IEEE Volunteers Bring Electronics Labs to Rural India
In remote villages across northeastern India, 100+ students are building Arduino projects and smart homes in new electronics labs—many touching circuit boards for the first time. IEEE volunteers turned STEM from a distant dream into hands-on reality for kids who never had access to science equipment.
In the forests and mountains of rural India, students are programming sensors and building smart homes with their own hands. These aren't privileged kids in city schools. They're children from villages in Assam and West Bengal who, until recently, had never seen an Arduino board.
Pallab Kr Gogoi grew up in these rural areas and watched bright students lose their engineering dreams to a single bad test score. Without labs, mentors, or even examples of STEM careers, most kids couldn't imagine becoming engineers no matter how curious they were about science.
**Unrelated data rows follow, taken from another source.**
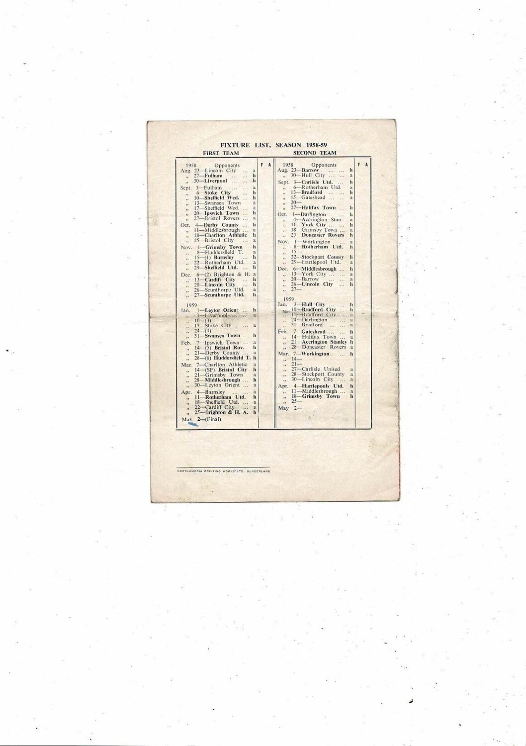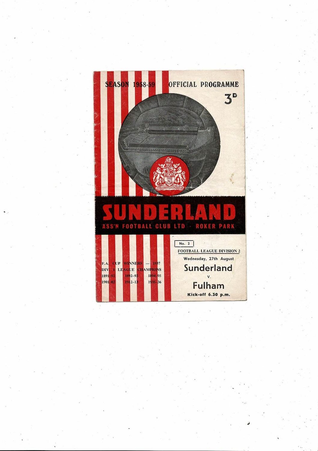 1958/59 Sunderland v Fulham Football Programme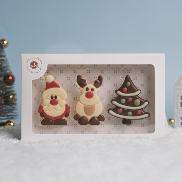 - Trzy bożonarodzeniowe figurki – Mikołaja, choinkę i renifera, wykonane z połączenia belgijskiej czekolady mlecznej, białej i deserowej.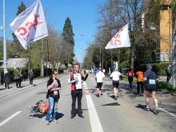 Etwas weiter vorne fehlen nur zwei Flügel und die engelhafte Erscheinung wäre komplett. Weiß gewandet und mit langem Haar läuft Charlotte, die Amerikanerin und Weltreisende in Sachen Marathon ihren 64-sten. Sie steht auf flache Strecken und hat Zürich auch deshalb gewählt.So auch die Spitzenläufer, welche bereits auf dem Rückweg nach Zürich angebraust kommen.

In 2020, Gogoi and volunteers from the IEEE student chapter at the Indian Institute of Technology Kharagpur launched a solution. Their Teach, Train, and Build program brought hands-on electronics training directly to five underserved schools, starting with simple LED circuits and progressing to Arduino programming and automation.
The response was immediate. Nearly 100 students in the first year dove into circuit building, sensor projects, and friendly competitions. Volunteers explained complex topics like electromagnetic concepts through relatable demonstrations that stuck.
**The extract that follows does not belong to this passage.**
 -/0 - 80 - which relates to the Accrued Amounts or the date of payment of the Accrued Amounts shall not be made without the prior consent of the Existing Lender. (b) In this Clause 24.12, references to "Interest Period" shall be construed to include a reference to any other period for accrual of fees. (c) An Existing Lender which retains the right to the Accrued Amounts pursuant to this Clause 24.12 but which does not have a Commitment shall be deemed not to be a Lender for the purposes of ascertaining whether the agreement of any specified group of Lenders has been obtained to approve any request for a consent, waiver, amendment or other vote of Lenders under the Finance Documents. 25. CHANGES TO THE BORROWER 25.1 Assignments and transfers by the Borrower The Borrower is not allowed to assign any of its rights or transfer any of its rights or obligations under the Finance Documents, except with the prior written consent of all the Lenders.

The program's success attracted funding from IEEE's Special Interest Group in Humanitarian Technology in 2022. That support created three permanent electronics hobby labs called E-HuTS in schools across the region, giving students dedicated spaces to experiment and innovate.

At the inauguration, students witnessed something powerful: Professor Mrinal Mandal delivering a motivational talk in Bengali, their own language. Soon after, those same students built a functioning smart home using Arduino and wireless modules—technology they'd only dreamed about before.
The Ripple Effect
The Assam program ran entirely in the Assamese language, ensuring students with limited English could fully participate. Female students showed up in overwhelming numbers, many touching electronics components for the first time—a meaningful step toward closing STEM's gender gap in rural India.
More than 85 students across both regions have now developed nearly three dozen original projects, from sensor-based alarms to environmental monitoring systems. These aren't copycat assignments. They're student-driven innovations created under IEEE mentorship.
The program tracks real outcomes using a structured evaluation matrix: workshop hours, tools provided, skills developed, knowledge retention, and long-term interest. This transparent methodology makes the model replicable for other communities facing similar barriers.
The initiative earned recognition in IEEE's 2022 annual report and won the IEEE Darrel Chong Student Activity Award in 2021. More importantly, it sparked the creation of new IEEE communities across India, extending the reach even further.
In villages where poverty once collided with curiosity, students now build the future with their own hands.